▸ Exercise goal:
Each line from the one holding "Wat maakt deze" to the last line below must be restated word for word, and no picture may be included.
START Input data
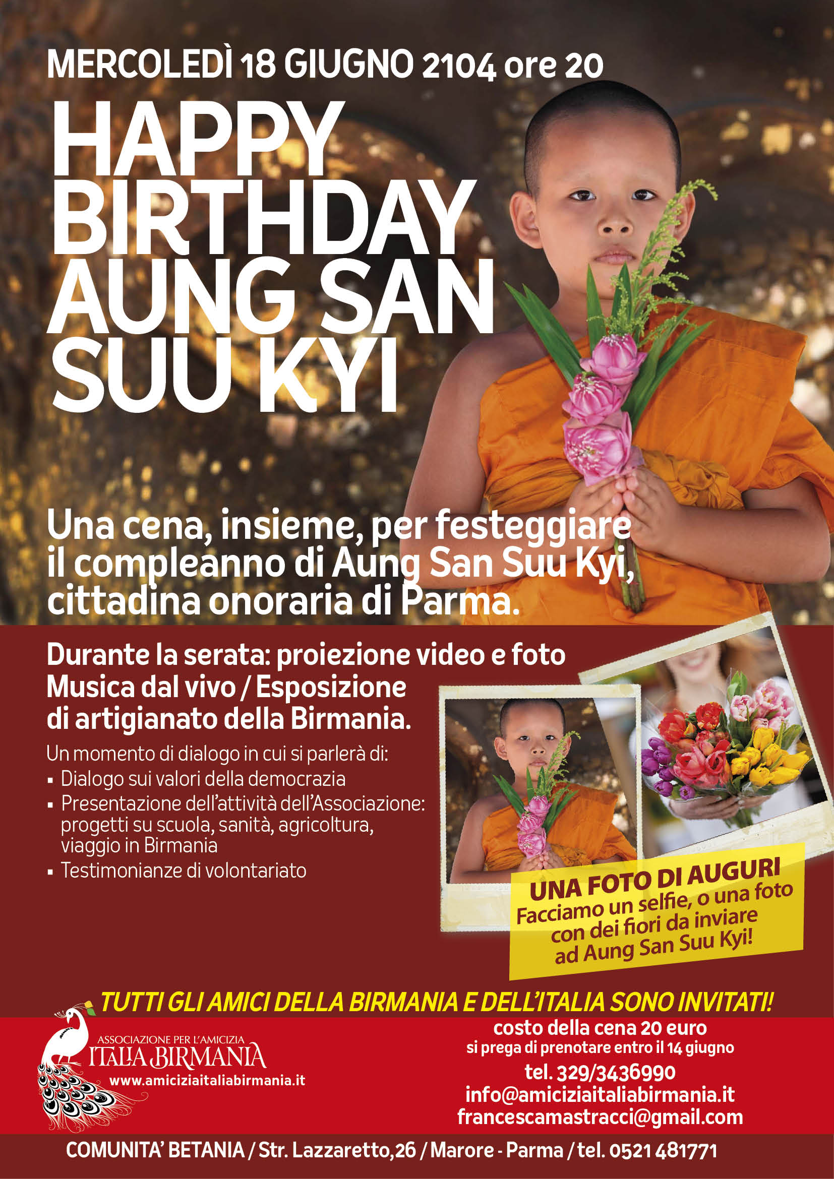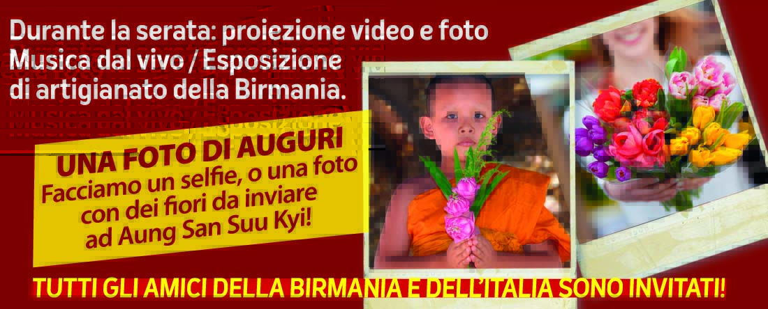 Durante la serata: Proiezione video e foto / Musica dal vivo / Esposizione di artigianato della Birmania.
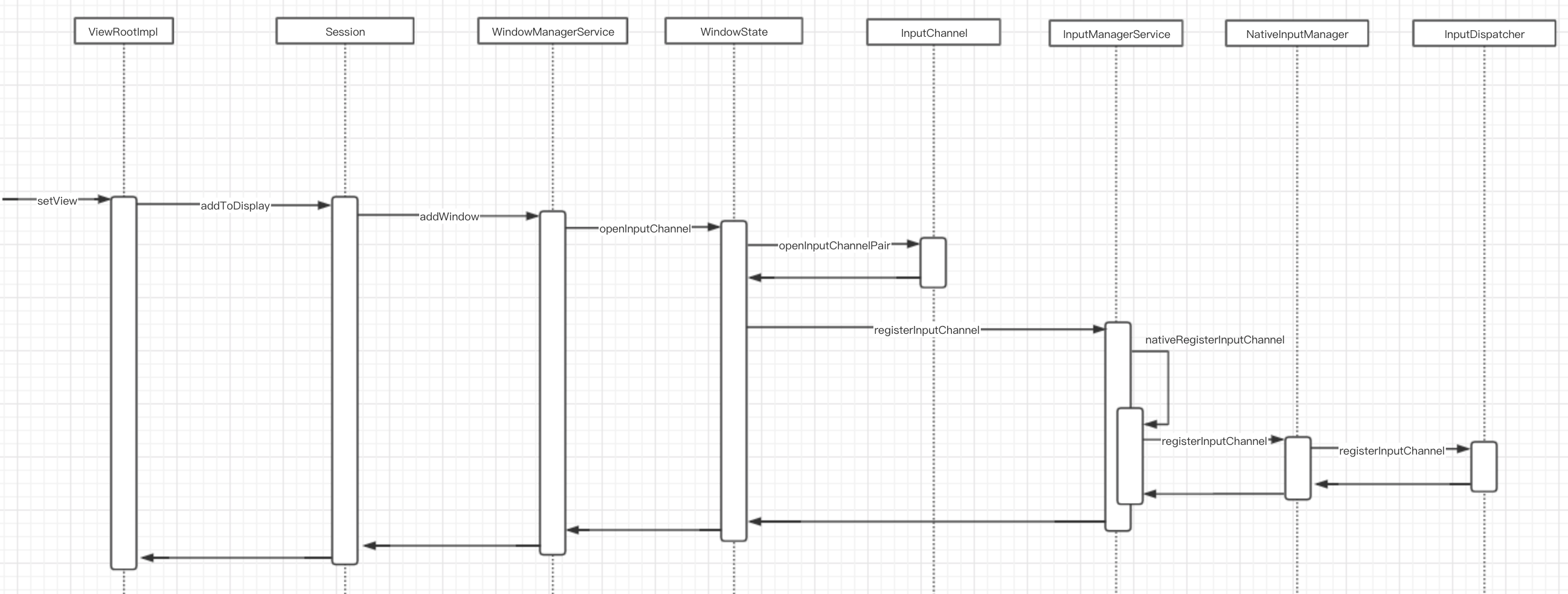 在应用层新的顶层窗口需要被注册到WMS中是在ViewRootImpl.setView实现的,我们从这里开始一路往下追,可以看到最后会调用到InputDispatcher::registerInputChannel注册通信的channel__放到InputDispatcher::mConnectionsByFd__这个KeyedVector里面:
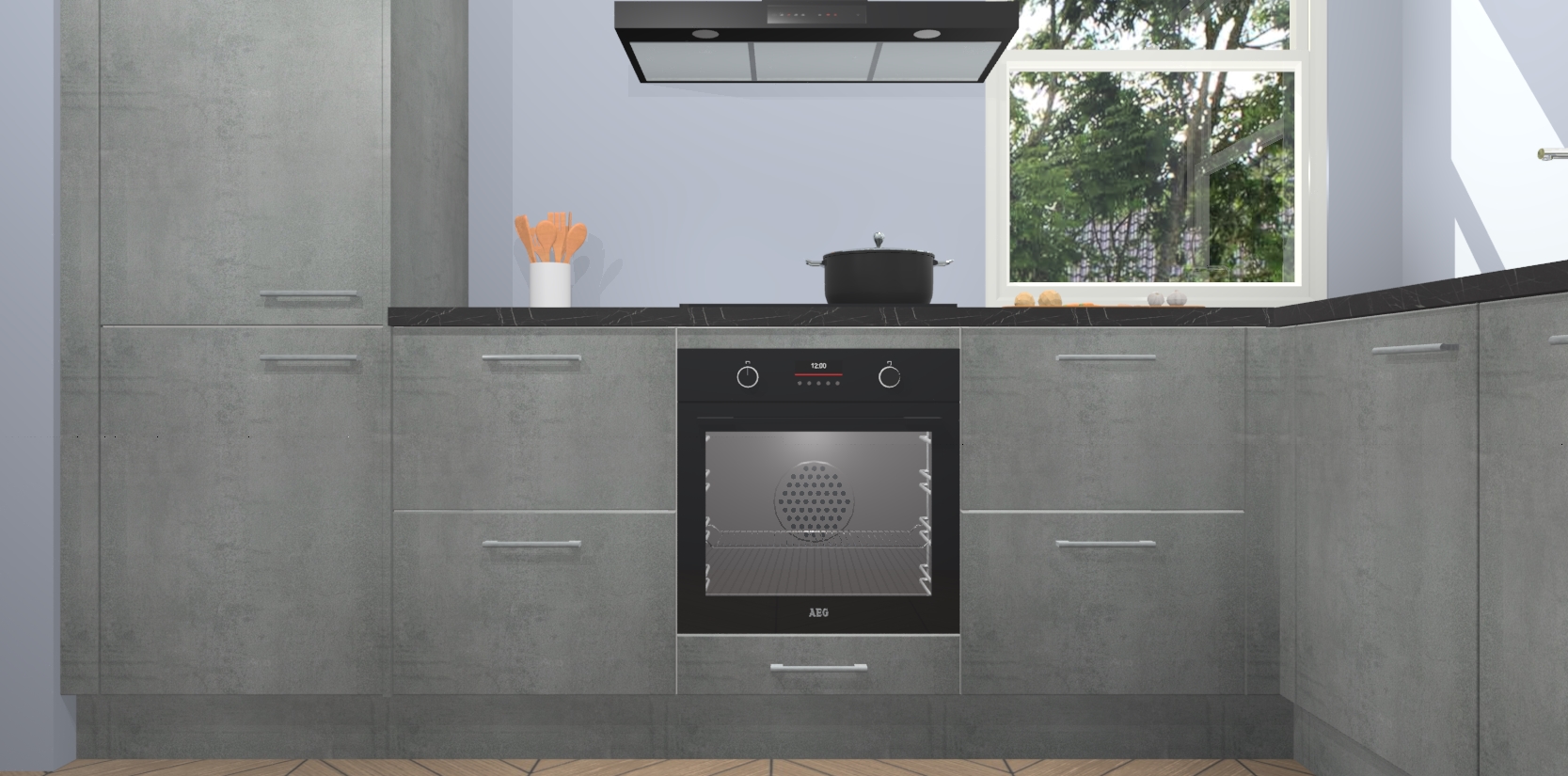 Wat maakt deze keuken zo bijzonder? Ten eerste geeft het houten werkblad uw ruimte een onmiskenbaar klassieke uitstraling. De natuurlijke afwerking roept warmte en elegantie op die nooit uit de mode zullen raken. Bovendien is het gemakkelijk schoon te houden en te onderhouden, zodat je er jarenlang plezier van kunt hebben. Als u op zoek bent naar extra gemak in uw keuken, dan heeft u bij het plaatsen van een bestelling bij ons ook de optie om uw toestellen te upgraden naar AEG-modellen - zo haalt u moderne innovatie van topmerken in apparatentechnologie rechtstreeks in huis.
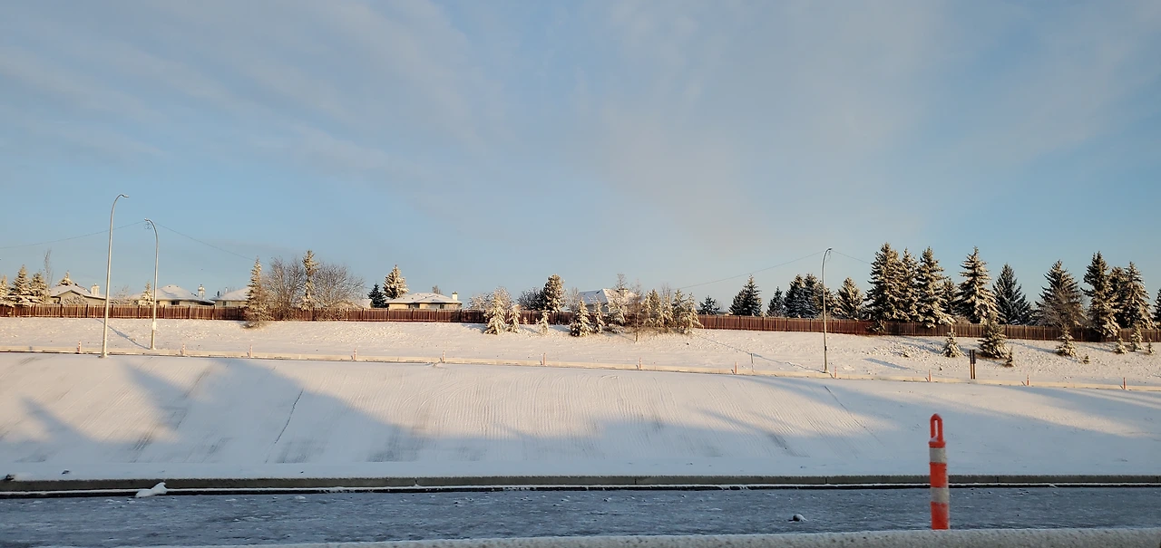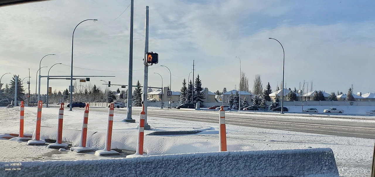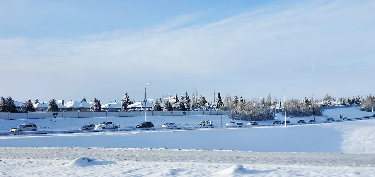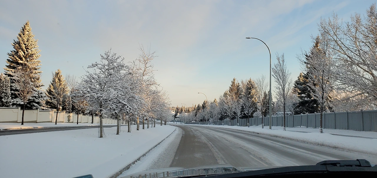 차를 꺼내서 동네 어귀부터 큰길까지 나가는 동안 눈 구경을 하느라 사진을 찍을 생각조차 하지 못하고 있다가 Terwillegar Drive에 들어서서 아차 하는 생각에 신호대기를 하는 도중에 사진을 몇 장 찍었다. 운전 중에 딴짓을 하면 안 되니까! ^^
END Input data
▸ Task answer:
 Wat maakt deze keuken zo bijzonder? Ten eerste geeft het houten werkblad uw ruimte een onmiskenbaar klassieke uitstraling. De natuurlijke afwerking roept warmte en elegantie op die nooit uit de mode zullen raken. Bovendien is het gemakkelijk schoon te houden en te onderhouden, zodat je er jarenlang plezier van kunt hebben. Als u op zoek bent naar extra gemak in uw keuken, dan heeft u bij het plaatsen van een bestelling bij ons ook de optie om uw toestellen te upgraden naar AEG-modellen - zo haalt u moderne innovatie van topmerken in apparatentechnologie rechtstreeks in huis.
 차를 꺼내서 동네 어귀부터 큰길까지 나가는 동안 눈 구경을 하느라 사진을 찍을 생각조차 하지 못하고 있다가 Terwillegar Drive에 들어서서 아차 하는 생각에 신호대기를 하는 도중에 사진을 몇 장 찍었다. 운전 중에 딴짓을 하면 안 되니까! ^^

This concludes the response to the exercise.